▶ [Work instruction] Give back, exactly as written, the lines from the first line of the data below through the line with "Ozdoba z motywem", and omit the pictures.

Segment Start: Provided information

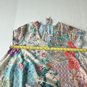 Johnny Was Tunic Top Womens Small Multicolor Boho Patchwork Floral Scalloped
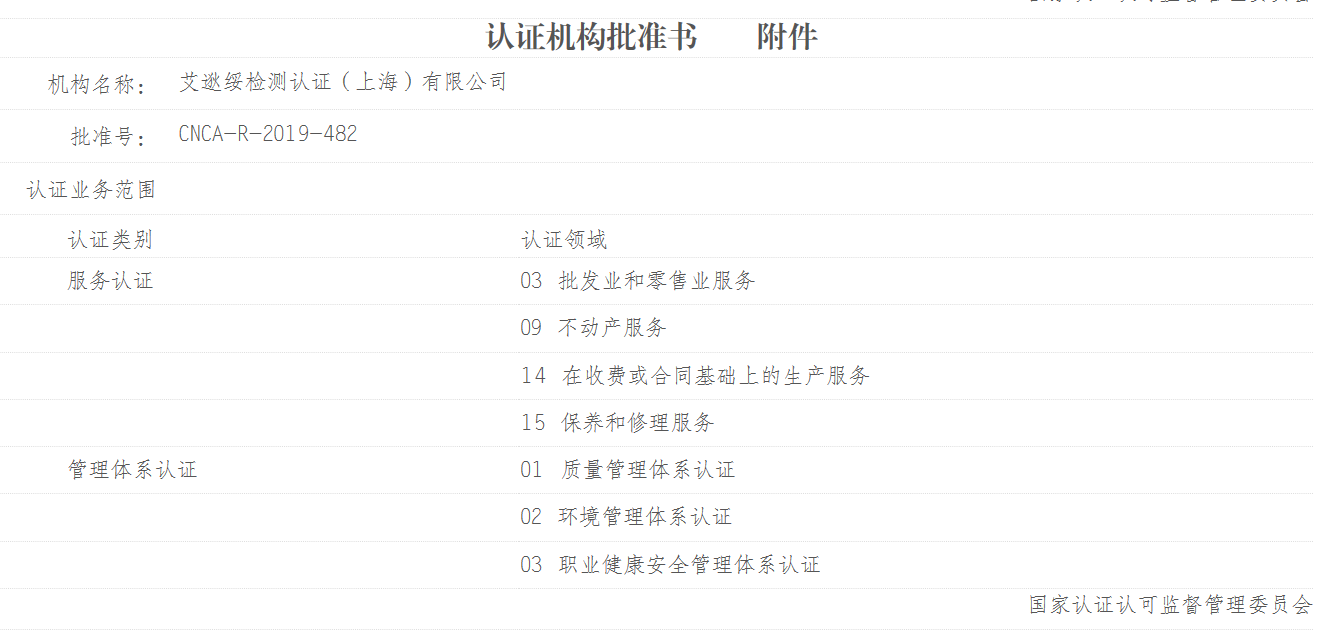 服務(wù)認證:批發(fā)業(yè)和零售業(yè)服務(wù)、不動產(chǎn)服務(wù)、在收費或合同基礎(chǔ)上的生產(chǎn)服務(wù) 、保養(yǎng)和修理服務(wù)
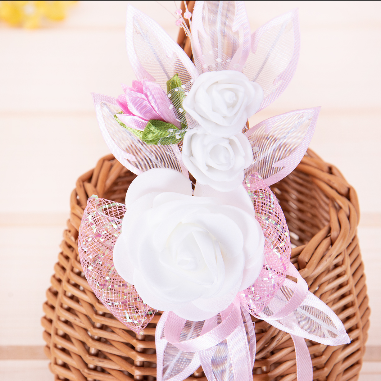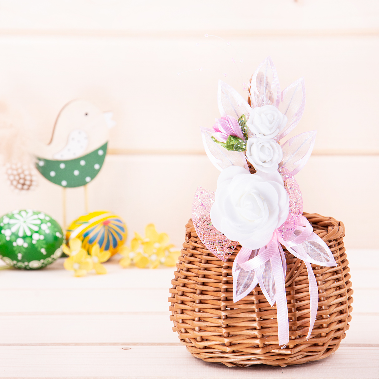 Ozdoba z motywem różyczek to subtelny element dekoracyjny, który podkreśli tradycyjny i elegancki wygląd koszyczka wielkanocnego.
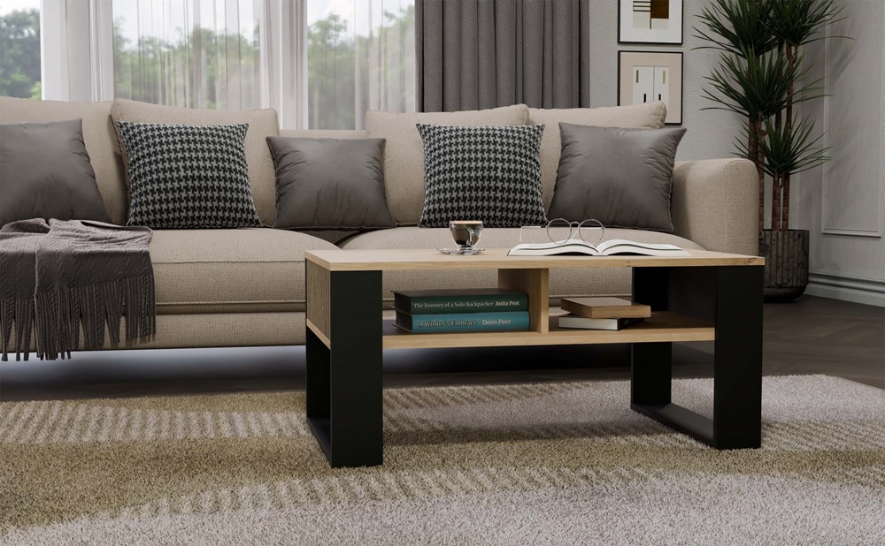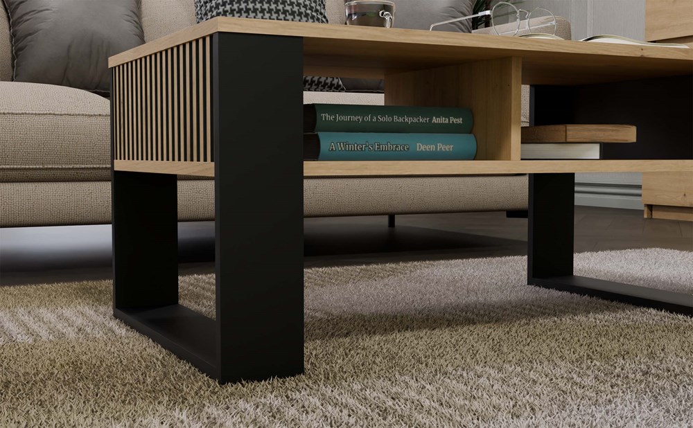 Design: Inovativní provedení s rýhovanými bočními stranami, které imitují lamely a dodávají stolku jedinečný charakter.Úložný prostor: Dvě prostorné police pod horní deskou poskytují praktické místo pro uložení věcí.Odolnost: Horní deska i nohy jsou vyrobeny z laminované dřevotřískové desky se zvýšenou tvrdostí, což zvyšuje odolnost proti poškrábání.Snadná montáž: Rychlá a jednoduchá montáž díky přiloženému návodu a montážnímu příslušenství. Stolek se skvěle hodí do obývacího pokoje. Je vyroben z dvakrát laminované desky se zvýšenou tvrdostí, která zajišťuje vyšší odolnost povrchu proti poškrábání. Použití kvalitních materiálů, zajímavý tvar nohou a prostorná horní deska vytvářejí praktický a nepostradatelný kus nábytku.
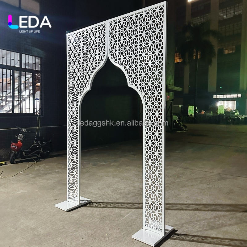 ฉากหลังงานแต่งงานแบบอินเดียสั่งทำพิเศษจาก LEDA สำหรับตกแต่งสถานที่จัดงานเลี้ยง ทำจากสแตนเลสสีขาวแบบโปร่ง สำหรับตกแต่งงานอีเว้นท์
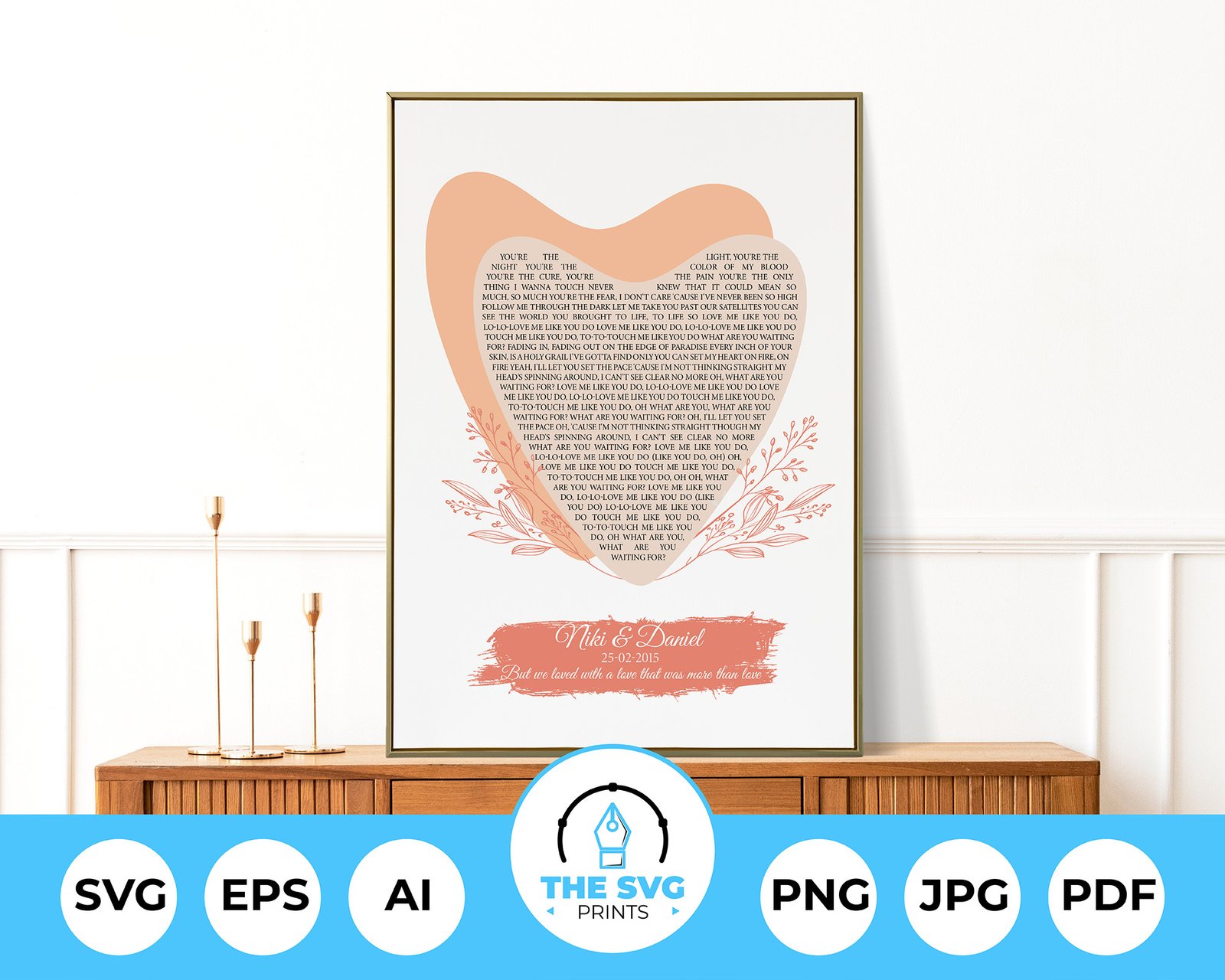 Transform your special words into a work of art with our Personalized Abstract Heart Shaped Lyrics SVG. Share your favorite lyrics, a meaningful quote, or even your wedding vows, and we’ll craft them into a beautiful abstract heart design.
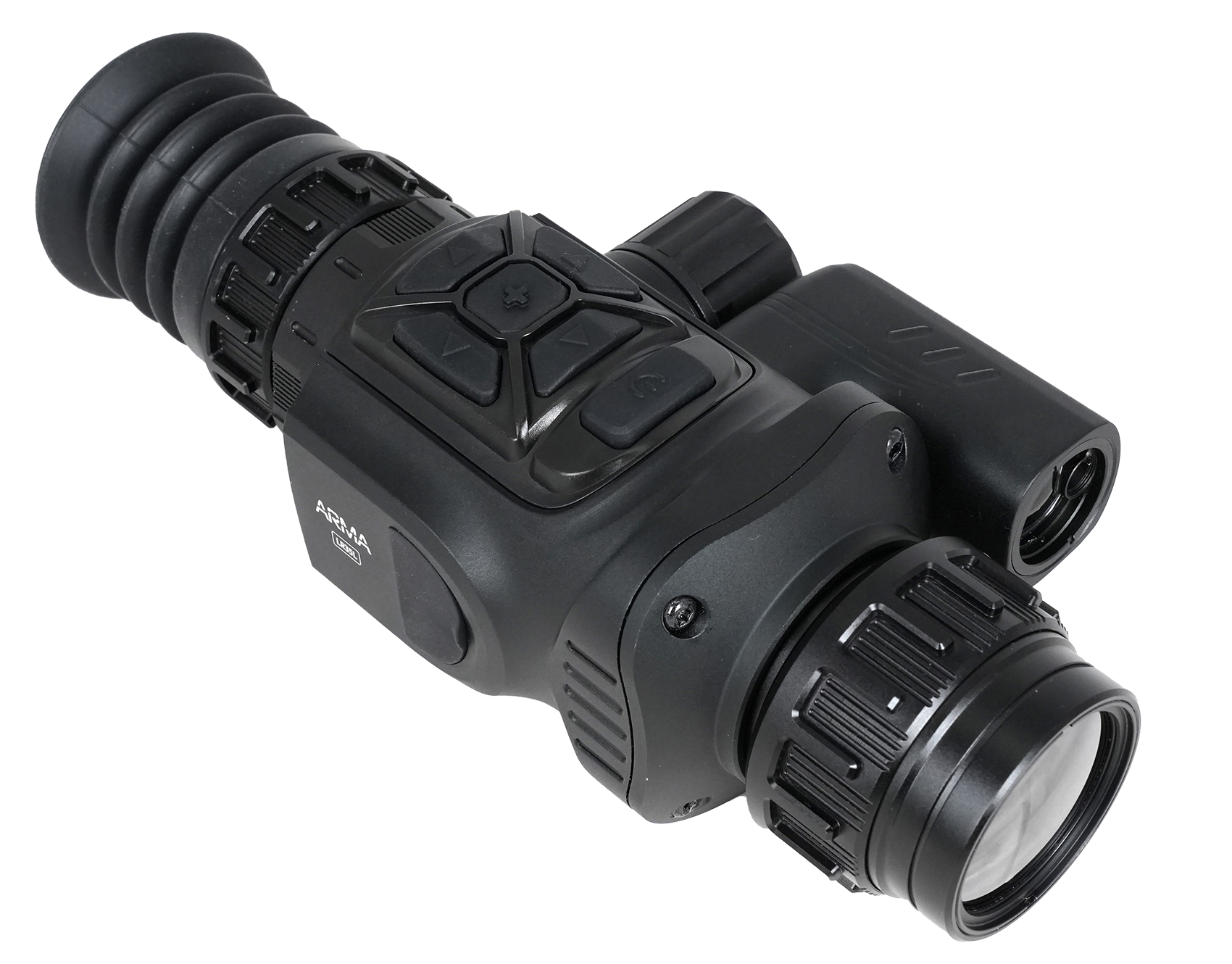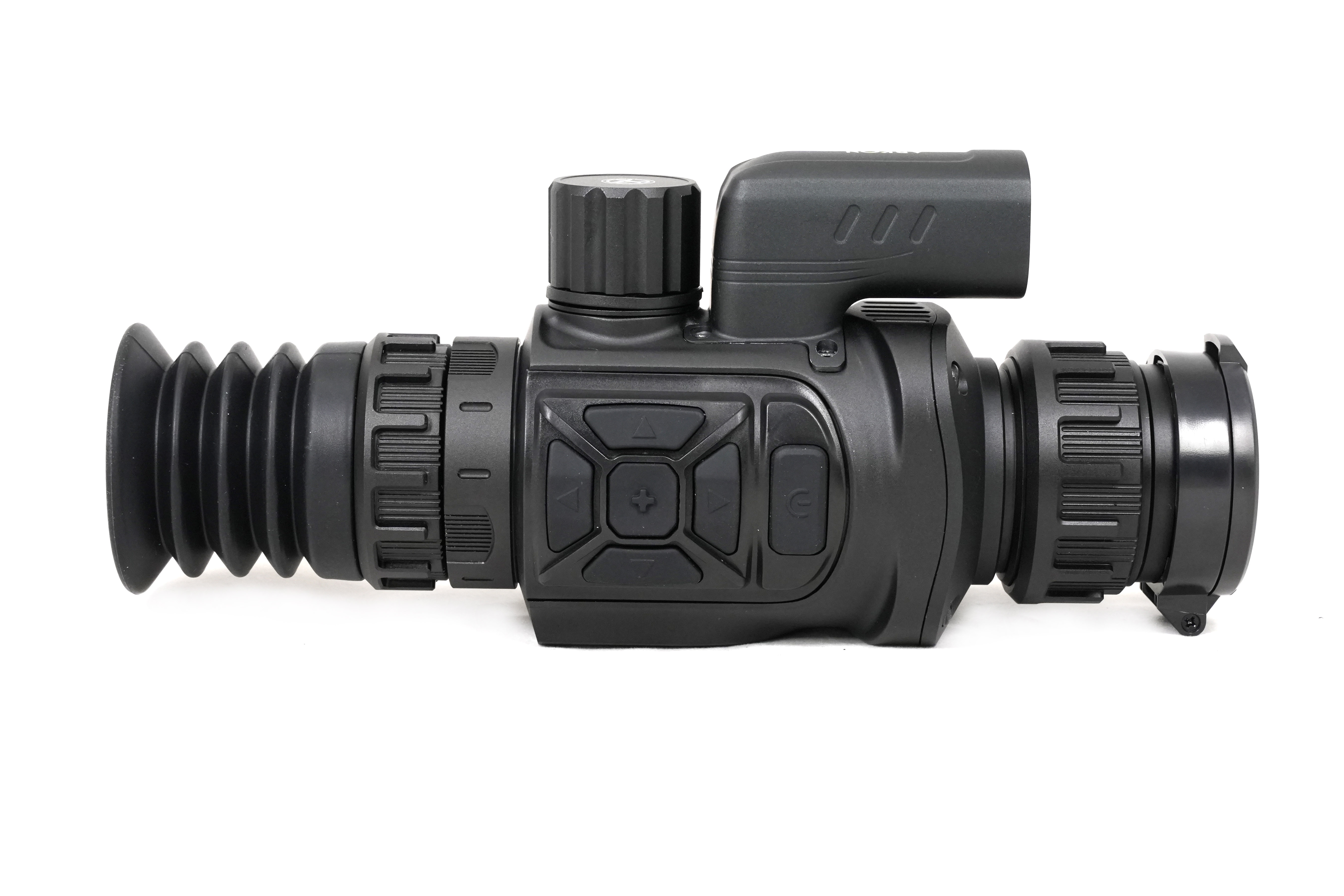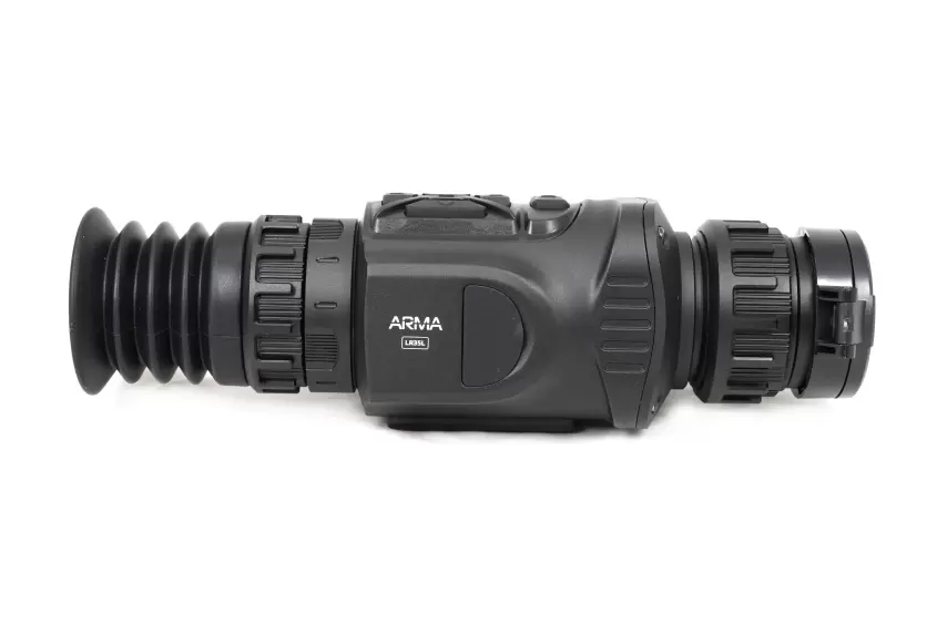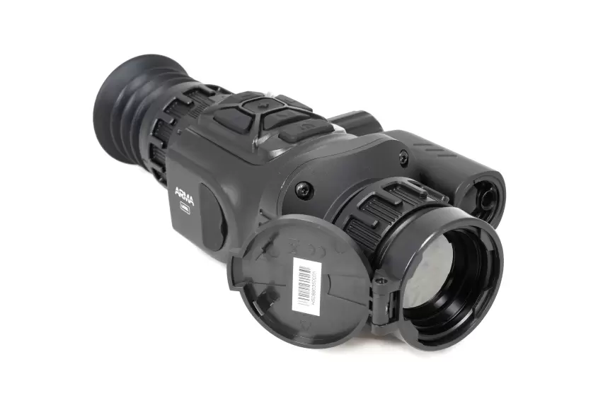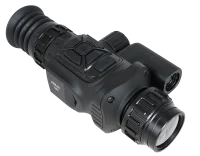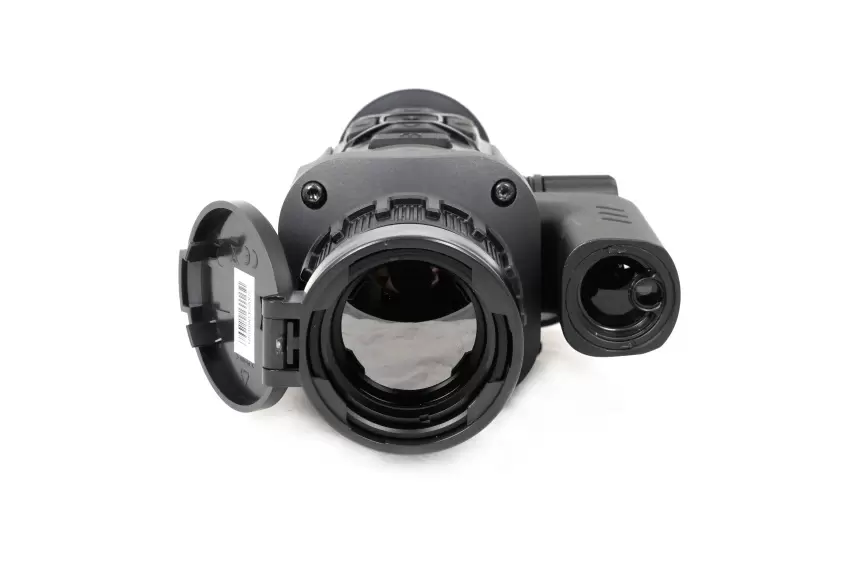 Прицел оснащен германиевым объективом с фокусным расстоянием 35 мм и апертурой F1.0. Настройка резкости на необходимую дистанцию выполняется с помощью низкопрофильного кольца на объективе. Начальный уровень увеличения составляет 3,1х. Для увеличения изображения доступна функция Digital zoom, позволяющая плавно или дискретно изменять кратность от 1х до 8х, достигая максимального значения 24,8х. При минимальном увеличении угол поля зрения (FOV) составляет 7,5° х 5,7°, что соответствует видимой области пространства размером 13,1 на 10 метров на удалении 100 метров.

Segment End: Provided information

▶ [Reply to the exercise]
 Johnny Was Tunic Top Womens Small Multicolor Boho Patchwork Floral Scalloped
 服務(wù)認證:批發(fā)業(yè)和零售業(yè)服務(wù)、不動產(chǎn)服務(wù)、在收費或合同基礎(chǔ)上的生產(chǎn)服務(wù) 、保養(yǎng)和修理服務(wù)
 Ozdoba z motywem różyczek to subtelny element dekoracyjny, który podkreśli tradycyjny i elegancki wygląd koszyczka wielkanocnego.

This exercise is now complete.